Gander Mountain stocks a pretty good selection of Reef Runners. If you want to see an AWESOME selection, go to Den's Sportsman's Outpost in Vermillion, Walskis in Huron, or a host of other shops on the North Coast. There are colors I've never seen, heard of, or even thought of! I will say that to own all the colors is almost ludicrous.  I try to break the color types into several groups-Brights/flourescents, Chromes/metallics, Naturals, and Darks. I generally buy/carry 2 of the colors within these groups, that way I have a second one to put out in a trolling spread if one gets "hot". Favorite colors I may get 3 or more of.

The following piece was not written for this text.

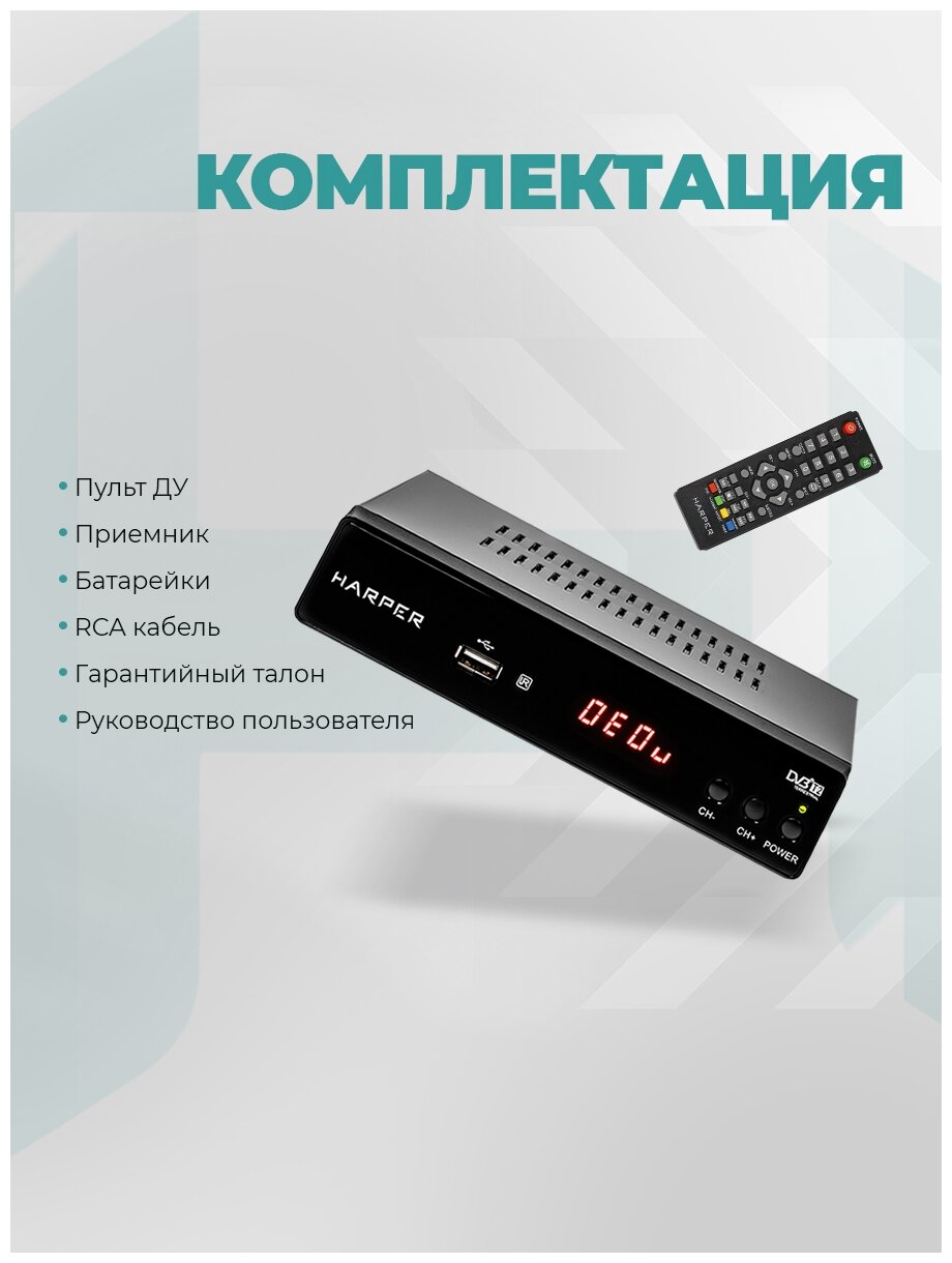 Ниже Вы можете прочитать отзывы на ТВ приставка DVB-T2 Harper HDT2-5010 ЭДО с экраном, метал. корпус, ознакомится с подробными характеристиками, посмотреть интересные обзоры и фотографии на ТВ приставка DVB-T2 Harper HDT2-5010 ЭДО с экраном, метал. корпус.

Brian-That tackle bag got even heavier this winter!  I don't think I can lift it by myself anymore!!  

Tim


----------



## Buckeye Ron

Tim,
I tried to stay with a shad color because of the baitfish in the lake and got a couple tiger colored ones just for the hay of it. But I can't wait to try them. Going to try and get my boat out in the next week I hope.  
Thanks again,
Ron


----------



## bkr43050

Tim,

Don't hurt yourself carrying that bag. It sounds like you may need help with it.


----------



## Toolman

Ron- Which baits did you get-Reef Runner or Deep Little Ripper? In case you have never used them before you will need to "tune" them out of the box first to get the best results. The tuning process is a little trickier with Reef Runners than most other baits, but the results will be well worth it, IMO! 

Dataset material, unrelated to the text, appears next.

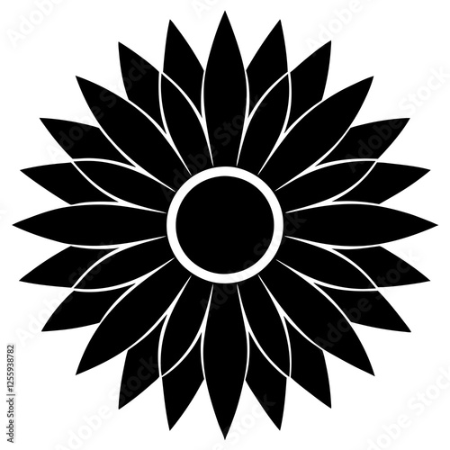 flower, sunflower, silhouette, black, flower petals, nature, graphic, design, floral, abstract, symmetric, pattern, decorative, art, bold, contrast, logotype, vector, modern, icon, aesthetic, shape, creative, intricate, radial, garden, bloom, organic, botanical, beauty, artistic, stylish, unique, summer, minimalistic, eye-catching, detailed, symmetry, illustration, outline, striking, elegant, natural

Brian-All I have to do is get that thing into the boat-then I'm good!  I'm ready-maybe this weekend.

Tim


----------



## Buckeye Ron

Tim,
I got the little ripper Deep & regular and a couple of the Ripshad. I guess that I will need to cast and retrieve before I try trolling with them right. It says to slightly bend the front eyelet to the right if the bait is running left and just the opposite if it is going to the right.
Any special advice you can give me, I would appreciate.  
Ron


----------



## Toolman

Ron,

When I tune a lure (trolling) I let out 6-8' of line hold the rod tip near the water and pull the bait at trolling speed if anywhere close to running correctly it should run true. If not bend the lure eye in VERY SLIGHT increments until it runs right-don't over bend. I then fine tune them by "sweeping" the rod tip forward, imitating a surge of a wave or an outside turn (basically a speed increase). Reef Runners will kick out to the side when the surge (otherwise called a "hunting" action) which I think is a real trigger for following fish. They should kick equally to each side, but quickly regain their track. The process would be the same casting jst follow the bait as it comes to you and make the proper adjustments. 

Tim


----------



## Buckeye Ron

Tim,
Thanks for the information, I am going to print it off and put with my lures so I can have handy reference when I go to tune them the first time.  
Thanks,
Ron


----------



## Bob Why

I currently have over 100 lures made by Reef Runner. Deep Divers, Deep Little Rippers, Rip Sticks, Little Rippers and Rip Shads. I'm a crank bait junky.
Had to put wheels on my tackle bag. My partner says we are going to need a
crane to get it in the boat. I think I need to attend meetings if Fishing Lures Annonimous.


----------



## skipjack

get the tunning tool made for reef runners.it makes it real easy to get them running rite.


----------



## Buckeye Ron

Skipjack,
Where can you find/buy one of the tuning adjusters at?  
Thanks,
Ron


----------



## Toolman

I forgot to mention the tuner. A good tool for tuning Reef Runners and most every other crank bait. Most of the good bait stores on the North Coast carry the Reef Runner Tuner. You can get it on-line here:

http://www.reelbait.com/products.php?child=101

Tim


----------



## Buckeye Ron

Thanks Tim
Ron


----------